Get the latest updates as we post them — right on your browser

. Last Updated: 07/27/2016

Oil Export Earnings Up 130% on High Prices

The nation’s earnings from crude oil exports, a main source of revenues, rose more than 130 percent in the first half of the year compared to last year, reaching $11.15 billion, a news report said Tuesday.

The jump in revenues was largely due to an increase in world oil prices, as the volume of domestic oil exports was up only 2.4 percent to 64.37 million metric tons, compared with 62.86 million metric tons during the same period last year, according to customs figures cited by Interfax.

Oil and natural gas make up 40 percent of domestic exports, and the rise in world oil prices has been a major boost to the economy in recent months. But foreign lenders have repeatedly criticized the government for allowing the economy to depend heavily on the fluctuations of oil prices and have urged structural reforms.

The country’s largest oil customers are Germany, which bought 10.18 million tons, Poland, with 8.76 million tons, and Italy, with 7.75 million tons.

Budget revenues from income taxes were also up in the first half of the year, reaching 70.1 billion rubles ($2.5 billion), or 52 percent more than during the same period in 1999, said Deputy Tax Minister Dmitry Chernik, Interfax reported.

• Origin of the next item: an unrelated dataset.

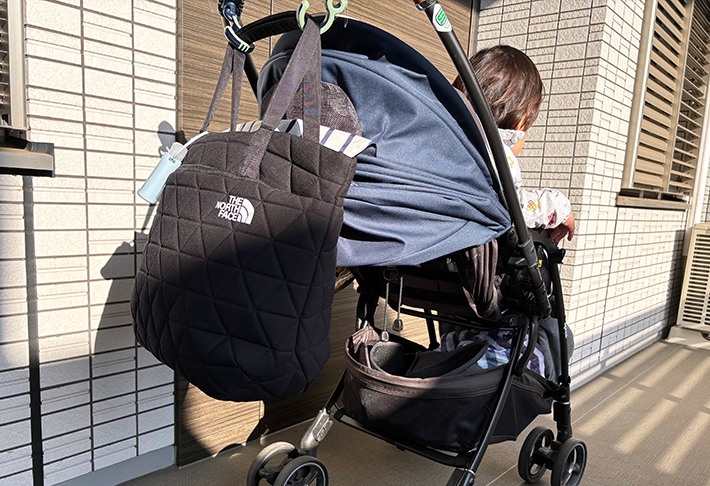 ・ベビーカーに吊るしておけば、ものの出し入れがかなりスムーズ!

Meanwhile, a draft 2001 budget to be submitted by the Finance Ministry to the Cabinet next week envisages a primary surplus of 4 percent of gross domestic product, or 310 billion rubles, Interfax reported. The primary surplus results from revenues minus spending before foreign debts are paid.

Overall, the budget draft sets out zero deficit, with revenue and spending both at 1.2 trillion rubles ($43.3 billion), the report said. It budgeted an annual inflation rate of 12 percent. This year’s budget calls for 18 percent inflation, but analysts expect the year’s rate will likely be higher.